Was your father-in-law with the Royal Warwickshire Regiment?

I am researching similar campaign medals to those in your photo on the left, privately named to 5105311 S. M. RYDER of the Royal Warwickshire Regiment. He was either with the 2nd Battalion or the 1/7th Battalion.

Mark
 

doug1944

master brummie
Hi MAW. Father-in-law was conscripted into war at Norton Barracks at Worcester, which I presume was the Worcestershire Regiment. However later on he was with Royal Artillery. I don`t know anything else about his war record as,View attachment 65887 although he is still alive aged 94, he has very bad dementia.

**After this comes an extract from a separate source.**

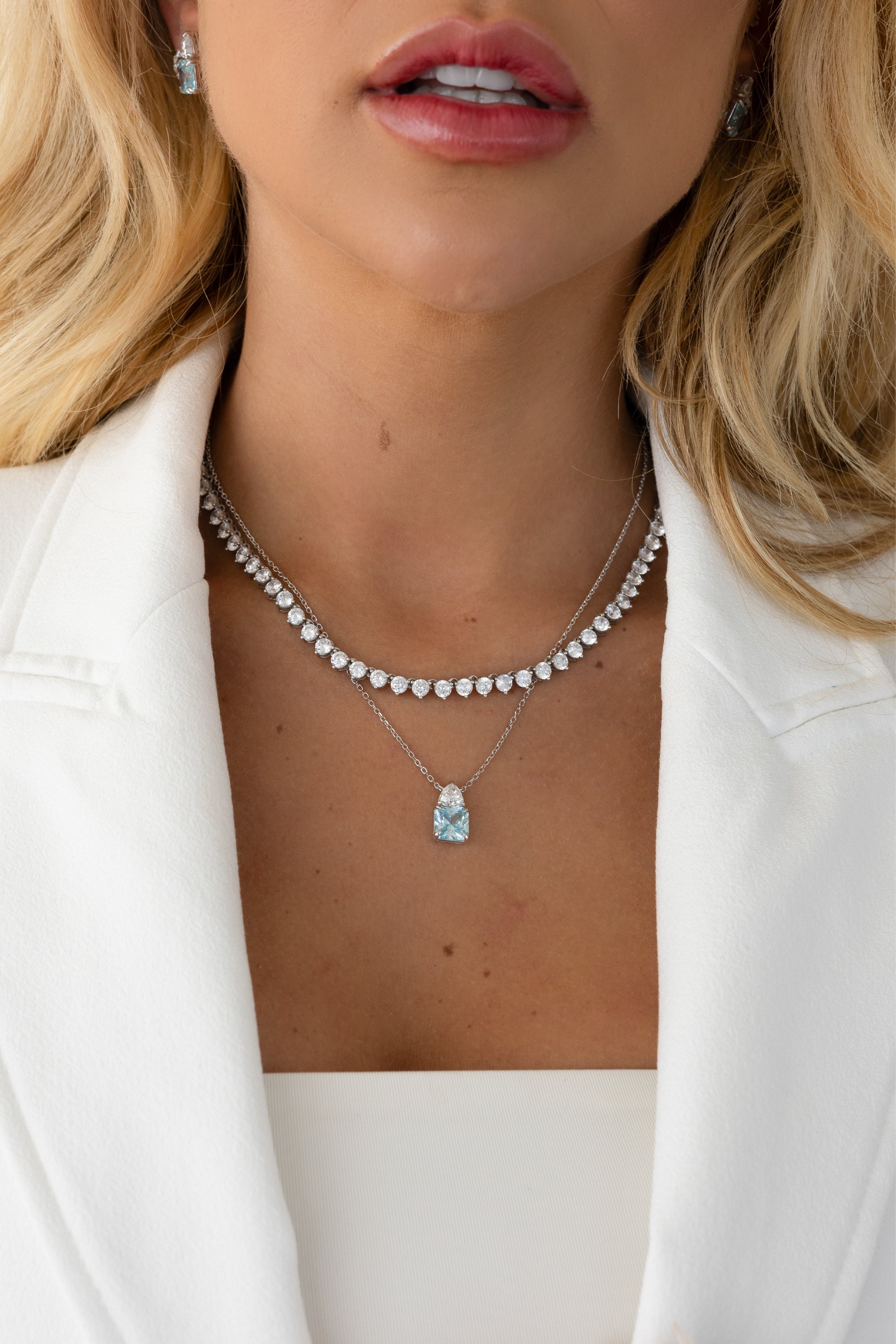 The Lume Necklace features a captivating Aquamarine Zirconia stone and dazzling Moissanite accents. Elegant and versatile, it adds a touch of luxury to any look, bringing personality and sparkle to both everyday moments and special occasions.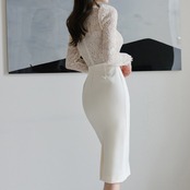 シースルー レース 長袖 ミディアム タイトドレス C-DSS1007

A Dutch friend refered to dads battalion as `44 Red Devils`.
 

MAW

proper brummie kid
The 'Red Devils' were the British 6th Airborne Division - parachute and glider troops together with various attached units, including batteries of the Royal Artillery.

You may wish to look at:

6th Airborne Division and Attached Units (go to Order of Battle in the left-side menu):
https://www.pegasusarchive.org/normandy/frames.htm

Mark
 

paul stacey

master brummie
during the war, men conscripted into one regt could be moved to another, my next door neighbour len went into the suffolks but was posted to the royal scot's.